Member of the Illinois House of Representatives from the 74th district
- In office 1993 – January 11, 2017
- Preceded by: David Hultgren
- Succeeded by: Daniel Swanson

Personal details
- Born: February 18, 1947 (age 79) Galesburg, Illinois, U.S.
- Party: Republican
- Spouse: Carolyn

= Donald L. Moffitt =

American politician

Donald L. Moffitt (born February 18, 1947) is a former Republican member of the Illinois House of Representatives, representing the 94th District from 1993 to 2003 and the 74th district from 2003 until 2017.

==Biography==
Donald L. Moffitt was born February 18, 1947 in Galesburg, Illinois. He is a graduate of the University of Illinois.

Moffitt served as an alderman and mayor of Oneida, Illinois. He moved from Oneida to Knoxville in 1976. He was elected alderman from the 1st ward in Knoxville the next year. Moffitt also previously served as Knox County Treasurer from 1984 to 1993, Knox County Board Chairman from 1982 to 1984, and a Knox County Board member 1978 to 1982.
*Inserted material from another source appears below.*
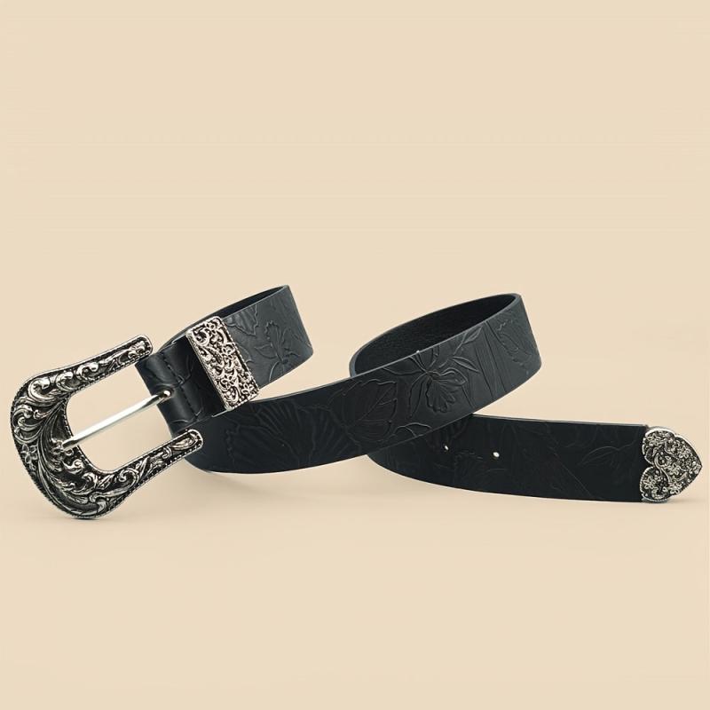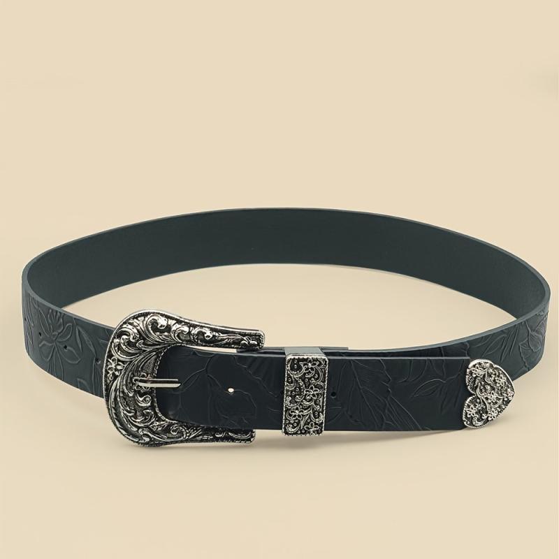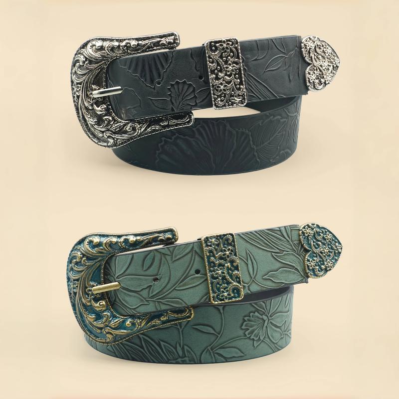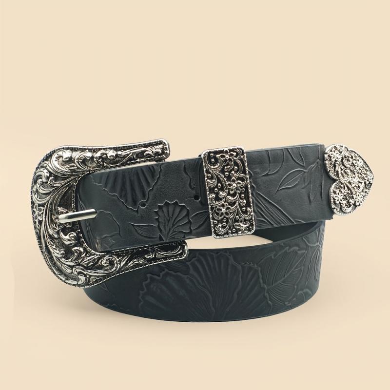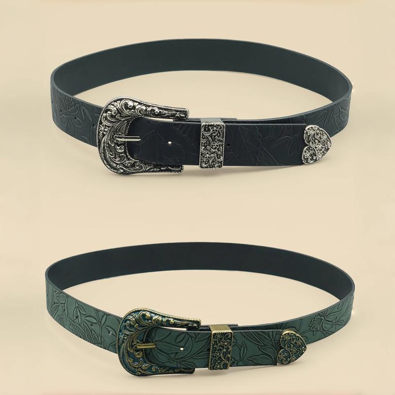 This retro wide belt in dark washed gray features an embossed and carved design that adds a touch of elegance to any outfit. It's versatile for autumn and winter, perfect for jeans, suits, and more.

He was elected to the Illinois House of Representatives in 1992 and took office in January 1993. In a committee appointment that crossed party lines, Speaker Michael J. Madigan made him chairman of the House Committee on Fire Protection in 2010.
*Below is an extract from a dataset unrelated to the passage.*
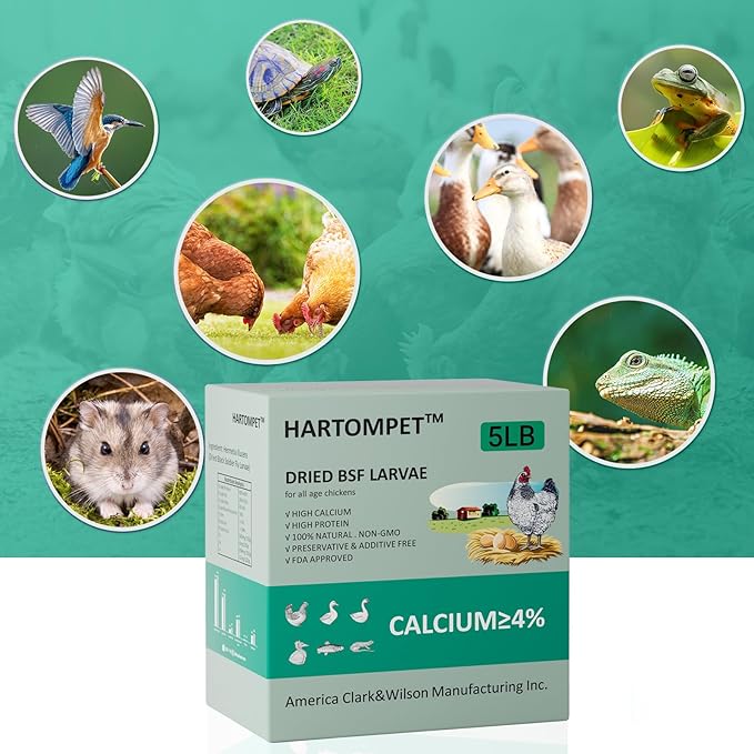 - Essential Nutrients: HARTOMPET contains 85x more calcium than mealworms, 40-45% crude protein, 26-31% healthy crude fat, 16% essential amino acids, phosphorus, fiber, and lysine, promoting healthy feather production and stronger eggshells.

In 2015, Moffitt announced he would not run for reelection in the 2016 election. He was succeeded by fellow Republican Dan Swanson, the superintendent of the Henry County Veterans Commission. On January 24, 2017, Governor Bruce Rauner nominated Moffitt to become the assistant director for the Illinois Department of Agriculture. However, the appointment was withdrawn on July 4, 2017.

In 2012, the City of Galesburg renamed an overpass the Donald L. Moffitt Overpass in his honor.